Clearly a sample of one is no good: the finding is always going to be a landslide for the preferred choice of whichever individual we happen to ask. In this case, polls of random samples of one happen to have called one election correctly and one incorrectly, but that’s pure chance. So let’s try a sample of ten:

# Random sample of 10 individuals per population
poll.tab(poll.both(population.a,population.b,
                   10),
         c('A','B'))
Sensible Silly
A 50 50
B 90 10

That’s a bit better. Population A looks like a dead heat (which is almost right), while the Sensible Party’s lead has been recognised but greatly exaggerated in Population B. As we’ll see in a moment, a random sample of ten could easily be more wrong than this, but it will usually be less wrong than a sample of one. Now let’s try polling a sample of a hundred:

# Random sample of 100 individuals per population
poll.tab(poll.both(population.a,population.b,
                   100),
         c('A','B'))
Sensible Silly
A 45 55
B 73 27

Population B’s preferences have been estimated pretty accurately this time, but we’ve somehow got the Silly Party in the lead in Population A — and by a whopping 10%! That’s not because a sample of a hundred is worse than a sample of ten, but because the effects of randomness in the selection procedure have a major effect on the outcome whether you take a sample of ten or of a hundred. Samples of a hundred are more reliable than samples of ten because — as we’ll see very shortly — they will be wrong less often. But we would be very unwise to set any store at all by a single study with a sample of a hundred, and the above reveals why this is the case. By picking the wrong hundred individuals to sample, we can get a very unrepresentative result. And when you’re picking individuals at random and you’re only picking a hundred of them, it’s far from unlikely that you’ll get an unrepresentative hundred on any one particular occasion.

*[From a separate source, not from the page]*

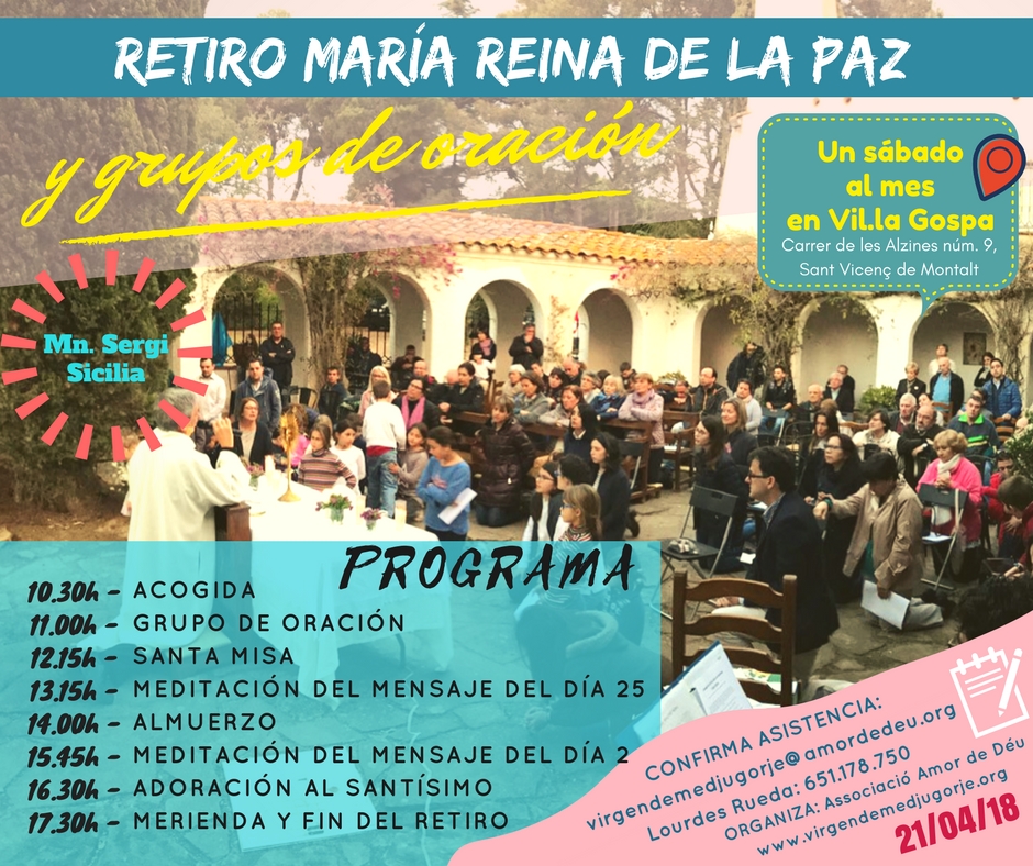 La Asociación Cultural Amor de Déu organiza un retiro el próximo sábado día 21 de abril de 2018 en Vil.la Gospa, a 35 minutos de Barcelona. Este retiro de un día lo dirigirá Mn. Sergi Sicilia.

So now let’s go all the way up to a thousand, which is about as far as most polling companies usually go:

# Random sample of 1000 per population
poll.tab(poll.both(population.a,population.b,
                   1000),
         c('A','B'))
Sensible Silly
A 52.1 47.9
B 70.0 30.0

Not bad at all! Population B’s polling is bang on, while Population A’s is only barely off.

What if we sample ten thousand?

# Random sample of 10000 per population
poll.tab(poll.both(population.a,population.b,
                   10000),
         c('A','B'))
Sensible Silly
A 50.52 49.48
B 69.61 30.39

This doesn’t really look like an improvement on the previous one: Population A’s preferences have been estimated slightly more accurately, while Population B’s have been estimated slightly less accurately. Polling companies very rarely take samples as large as this because telephoning ten thousand people involves a massive increase in cost but brings only a slight increase in reliability.